Truly nutty places with great views of the sea are Buza Bar 1 and Buza Bar 2. Amazingly, customers sit directly on the rock facing the sea at both of these open-air bars connected to the city wall. While my husband and I sat on the upper rocks to sip wine, hardier customers climbed down the steep rock. Or jumped into the sea to swim. These are delightful places during the day. But they are not for little kids or anyone with unsteady footing. And too risky to navigate in the dark.
Game of Thrones outside Dubrovnik
On the May day we visited Trsteno Arboretum, about 15 miles outside Dubrovnik, we had the garden to ourselves. We immediately recognized a stone structure with stunning views of the Adriatic from Game of Thrones scenes between Margaery and her grandmother, Lady Olenna Tyrell.
In reality, Trsteno Arboretum is a 15th-century summer pleasure palace and garden. While we had a car for the half-hour drive from Dubrovnik, there also is a bus – or take a Game of Thrones tour that includes it. And for Game of Thrones filming locations in Split, Croatia, click here.
TravelingMom Practical Tips for Dubrovnik, Croatia
Be prepared to climb stairs. Cars and elevators are prohibited in medieval Dubrovnik. And be warned, sidewalks can be stone staircases. So be prepared to walk. Also, I wore comfortable shoes with good tread, since we walked the main stone street daily, and it is slippery when wet. While the Old City is compact, I figured the stairs justified my daily gelatos.

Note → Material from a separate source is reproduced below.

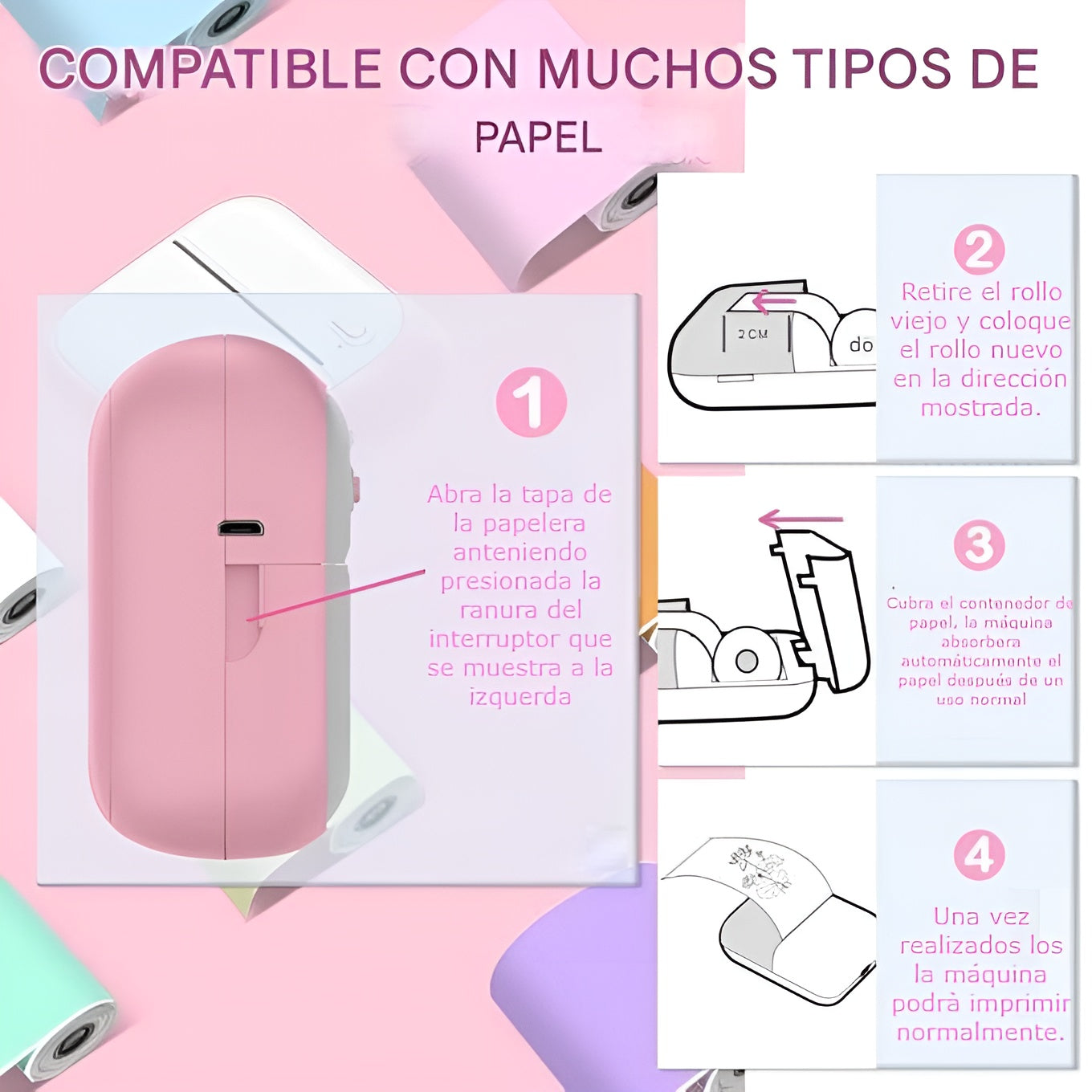 La mini impresora portátil está diseñada para quienes buscan practicidad y eficiencia en su día a día. Gracias a su cabezal de impresión de alto rendimiento, ofrece una salida de papel rápida y fluida, permitiendo imprimir con una sola tecla y sin complicaciones. Su sistema de impresión sin tinta no solo ahorra tiempo y dinero, sino que también es una opción más respetuosa con el medio ambiente.

The Old City in Dubrovnik gets overcrowded with cruise passengers between 10 am and 4 pm. In summer, if you can, explore the streets of Old City before cruise passengers arrive. Or, wait until after cruise passengers leave. To avoid crowds, we used the middle of the day for day trips or museums.
We didn’t need to speak Croatian. People in hotels and restaurants speak English. While they are cheerful about it, they appreciated being thanked for speaking English. Also true in another Croatian city we loved, Zagreb.
Save money by taking the bus from the airport. For less than $10, an air-conditioned bus with plush seats took us from the Dubrovnik airport to the Old City (stop is Pile Gate). Since cars are prohibited inside the Old City, even if you take a taxi, you’ll need to carry bags to the hotel.
Croatia beyond Dubrovnik
Along Croatia’s coast, you can explore its wine region and taste delicious Croatian wine. Farther inland is Croatia’s Plitvice National Park, known for striking green waterfalls and lakes. Croatia’s capital is the cultural center of Zagreb, a destination in itself.